Filesystem Size Used Avail Use% Mounted on
/dev/sdc2 32G 11G 20G 36% /
/dev/sdc1 251M 51M 187M 22% /boot
none 3.0G 0 3.0G 0% /dev/shm
/dev/sdc5 258G 242G 3.1G 99% /export
tmpfs 1.5G 9.2M 1.5G 1% /var/lib/ganglia/rrds
/dev/md0 1.4T 1.1T 281G 79% /compute
/export/home/opt 258G 242G 3.1G 99% /home/opt





lsscsi (as root):

[0:0:0:0] disk ATA ST31500341AS CC1H /dev/sda
[1:0:0:0] disk ATA ST31500341AS CC1H /dev/sdb
[6:0:0:0] disk AMCC 9550SX-4LP DISK 3.04 /dev/sdc





umount /compute (as root):

umount: /compute : device is busy
umount: /compute : device is busy


so, as far as I can tell, it doesn't even want to be unmounted. Does this help? Is there something I need to do to be able to unmount it?


Thanks

markmh
Posts: 24
Joined: 2012/01/29 21:57:39

Re: software RAID-1 data recovery

Postby markmh » 2012/02/01 23:02:54

also,

cat /proc/mdstat (as root):

Personalities: [raid]
md0: active raid1 sda [0] sdb [1]
1465138496 block [2/2] [UU]
unused devices: (none)

User avatar
TrevorH
Forum Moderator
Posts: 21200
Joined: 2009/09/24 10:40:56
Location: Brighton, UK

Re: software RAID-1 data recovery

Postby TrevorH » 2012/02/02 01:06:35

so, as far as I can tell, it doesn't even want to be unmounted. Does this help? Is there something I need to do to be able to unmount it?

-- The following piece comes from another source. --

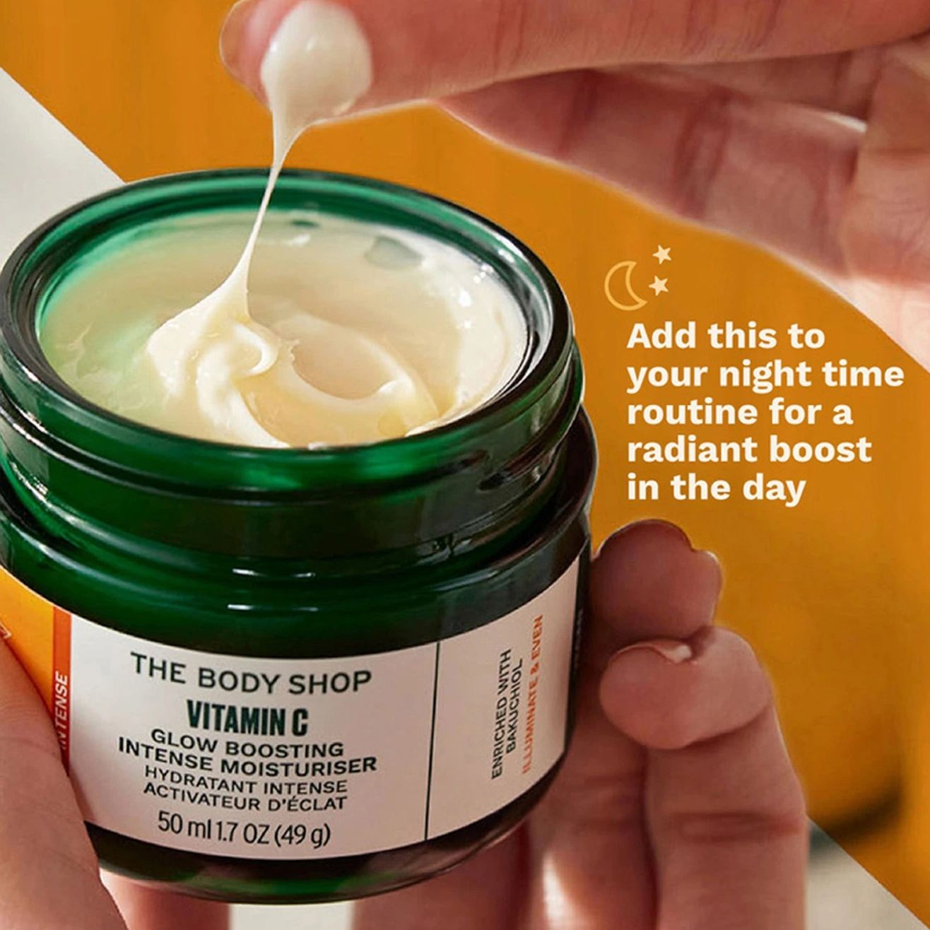The Vitamin C Glow Boosting Moisturizer is a fresh, lightweight gel formula that will give your skin a daily boost of radiance and hydration. With vitamin C, it awakens and clarifies your complexion, revealing a natural healthy looking glow. Say goodbye to grumpy, dull, fatigued looking skin and reveal your natural, healthy-looking glow with The Body Shop Vitamin C Glow Boosting Moisturizer. This fresh, lightweight facial cream gives your skin a daily boost of radiance and hydration. Made with Amazonian camu camu berries, which have up to 60x the vitamin C power of an orange, this face moisturizer will awaken, energize and clarify your skin with each application. Paraben-free. Gluten-free. Silicone-free. 100% Vegan. Say goodbye to grumpy, dull, fatigued looking skin and reveal your natural, healthy-looking glow with The Body Shop Vitamin C Glow Boosting Moisturizer. This fresh, lightweight facial cream gives your skin a daily boost of radiance and hydration. Made with Amazonian camu berries, which have up to 60x the vitamin C power of an orange, this face moisturizer will awaken, energize and clarify your skin with each application. Paraben-free. Gluten-free. Silicone-free. 100% Vegan.

I'd guess the file system is exported over NFS and some or all of your clients are using it (have it mounted). Does `showmount -d` give any clue? Or maybe it's just exported and you need to stop the nfs service.

markmh
Posts: 24
Joined: 2012/01/29 21:57:39

Re: software RAID-1 data recovery

Postby markmh » 2012/02/03 22:01:13

ok, I stopped the jobs that were running on the nodes, and even turned off some of them, and it still won't unmount. Is there possibly more I have to do to disconnect the nodes?

showmount -d gives:

Directories on lcpp-cluster.bgsu.edu:
/compute
/diskless/x64/RHEL4-AS/root
/export
192.168.1.0/255.255.255.0


does that tell you anything?

pschaff
Retired Moderator
Posts: 18276
Joined: 2006/12/13 20:15:34
Location: Tidewater, Virginia, North America
Contact:

Re: software RAID-1 data recovery

Postby pschaff » 2012/02/03 22:06:26

What does

Code: Select all

showmount -a
show?

markmh
Posts: 24
Joined: 2012/01/29 21:57:39

Re: software RAID-1 data recovery

Postby markmh » 2012/02/04 23:08:37

I am going to have to wait until Monday to access the machine and to get that info. But, is it possible for me to edit my previous post? I probably should not have included the address... :/

pschaff
Retired Moderator
Posts: 18276
Joined: 2006/12/13 20:15:34
Location: Tidewater, Virginia, North America
Contact:

Re: software RAID-1 data recovery

Postby pschaff » 2012/02/05 13:08:40

No, not after the one hour edit period times out, but a moderator can do it for you; however, I see nothing but non-routing private IP addresses, only accessible on the LAN. No public IP addresses that could be accessed from the Internet, unless I am (again) missing something.

We really needed to see more than "./getinfo.sh basic" - that's why I said "./getinfo.sh". It appears you are still at 4.4. An update (and a migration plan) would be highly advised, as many mirrors will stop carrying 4.x once it goes EOL.